[Provided entries Boundary: Start]
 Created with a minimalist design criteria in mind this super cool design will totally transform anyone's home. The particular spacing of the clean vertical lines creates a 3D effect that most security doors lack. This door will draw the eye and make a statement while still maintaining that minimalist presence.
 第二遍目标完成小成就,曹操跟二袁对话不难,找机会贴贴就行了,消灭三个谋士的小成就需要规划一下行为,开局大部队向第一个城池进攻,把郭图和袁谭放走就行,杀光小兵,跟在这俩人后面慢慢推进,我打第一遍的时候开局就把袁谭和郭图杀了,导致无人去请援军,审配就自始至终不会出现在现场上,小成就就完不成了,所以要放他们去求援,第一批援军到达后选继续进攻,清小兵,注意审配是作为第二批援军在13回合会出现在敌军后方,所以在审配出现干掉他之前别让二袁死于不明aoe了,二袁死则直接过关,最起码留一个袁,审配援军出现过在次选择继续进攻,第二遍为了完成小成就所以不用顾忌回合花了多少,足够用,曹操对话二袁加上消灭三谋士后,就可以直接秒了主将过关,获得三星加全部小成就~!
[Provided entries Boundary: End]
[Provided entries Boundary: Start]
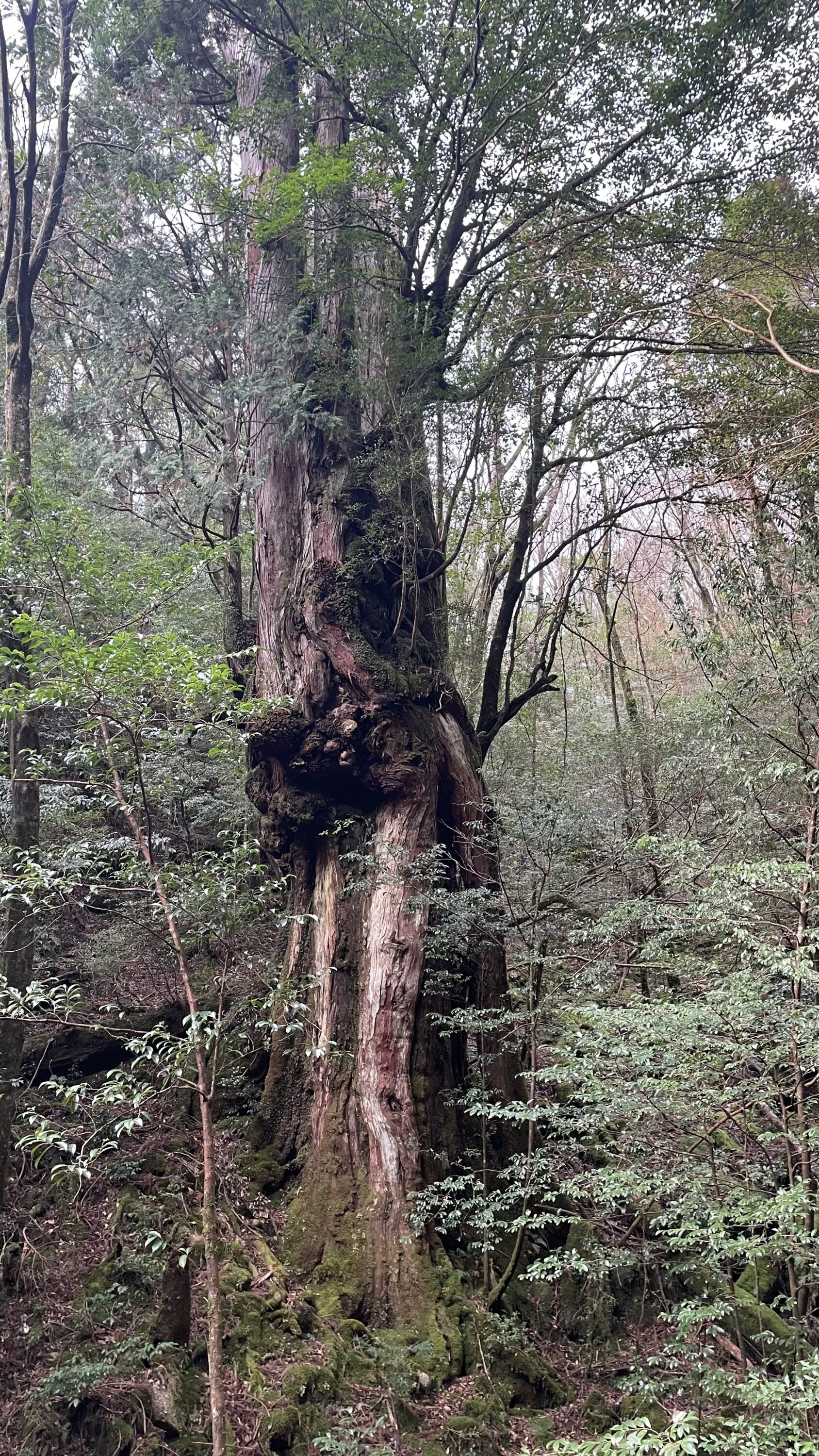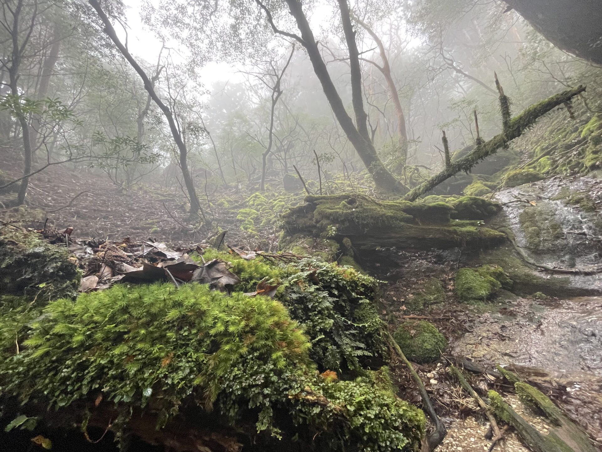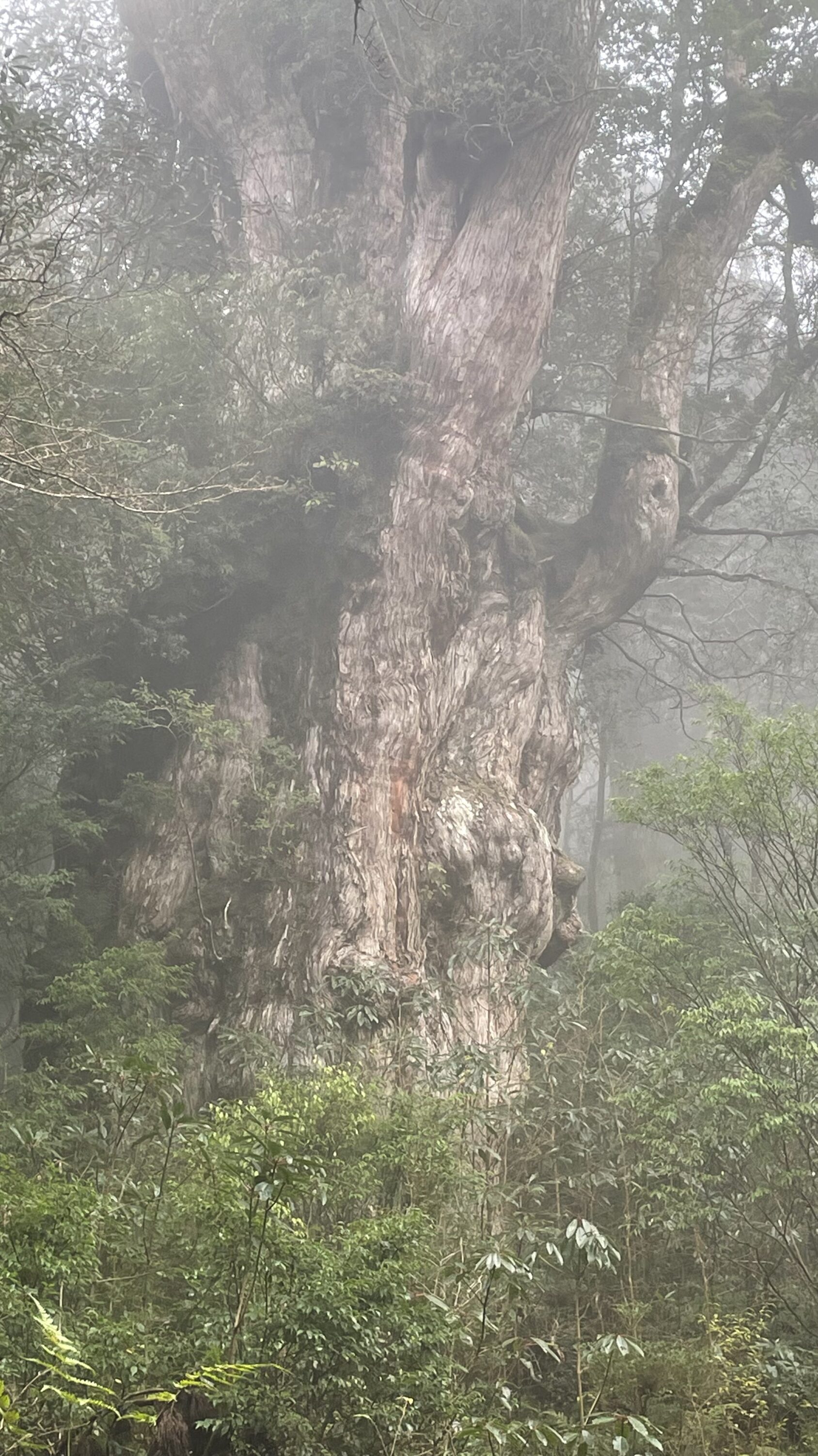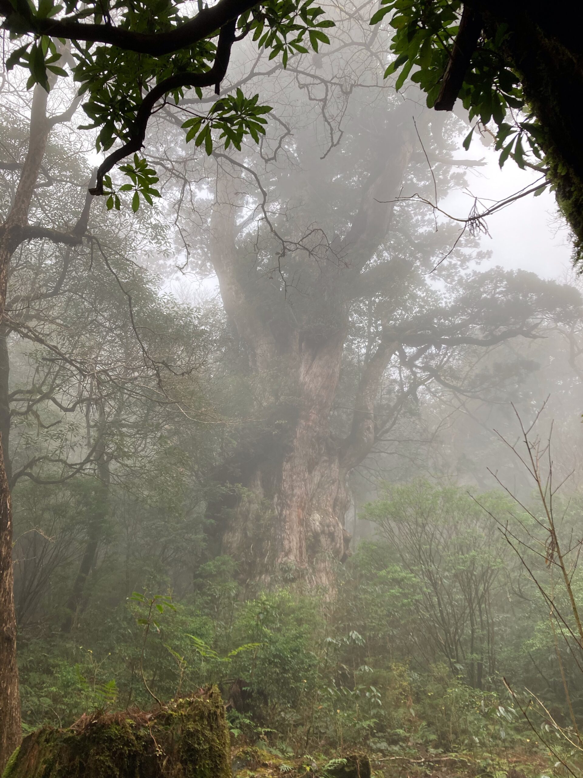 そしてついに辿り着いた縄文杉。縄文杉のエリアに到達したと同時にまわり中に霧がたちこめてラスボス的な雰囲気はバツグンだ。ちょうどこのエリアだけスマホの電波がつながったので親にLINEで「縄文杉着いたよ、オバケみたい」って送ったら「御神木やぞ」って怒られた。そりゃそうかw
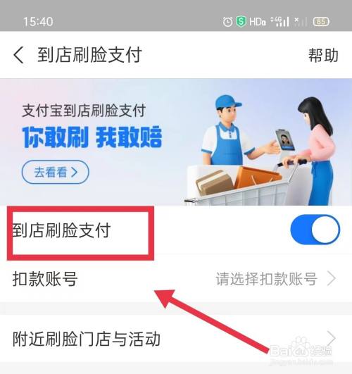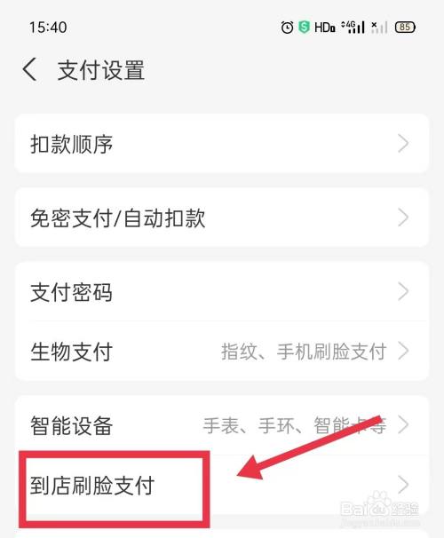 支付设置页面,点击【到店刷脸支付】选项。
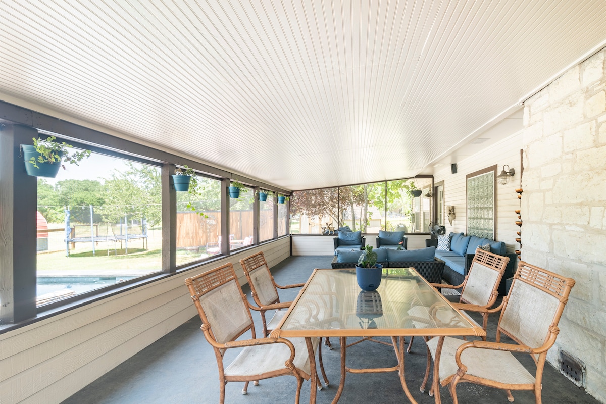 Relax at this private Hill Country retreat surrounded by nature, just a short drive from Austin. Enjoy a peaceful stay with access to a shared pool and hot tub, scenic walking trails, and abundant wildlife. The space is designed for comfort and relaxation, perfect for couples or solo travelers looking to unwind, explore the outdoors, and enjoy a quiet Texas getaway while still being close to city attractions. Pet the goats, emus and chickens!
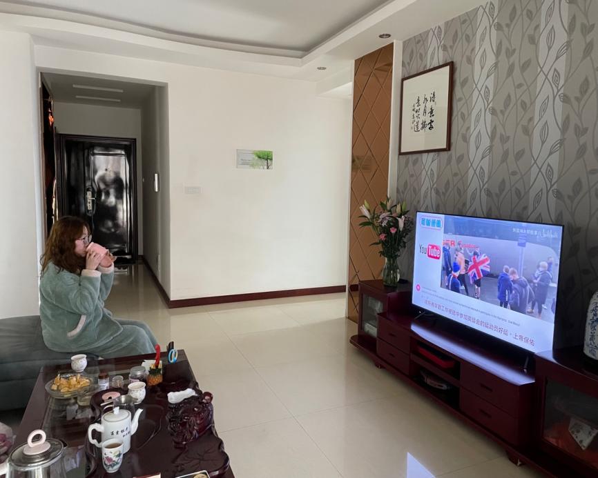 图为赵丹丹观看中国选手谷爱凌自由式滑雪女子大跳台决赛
[Provided entries Boundary: End]
# [Work to complete]
Print nothing but the lines above starting with the line that contains "そしてついに辿り着いた縄文杉" and going on through the line that contains "支付设置页面,点击【到店刷脸支付】选项。". Leave out the pictures.

# [Output of the exercise]
 そしてついに辿り着いた縄文杉。縄文杉のエリアに到達したと同時にまわり中に霧がたちこめてラスボス的な雰囲気はバツグンだ。ちょうどこのエリアだけスマホの電波がつながったので親にLINEで「縄文杉着いたよ、オバケみたい」って送ったら「御神木やぞ」って怒られた。そりゃそうかw
 支付设置页面,点击【到店刷脸支付】选项。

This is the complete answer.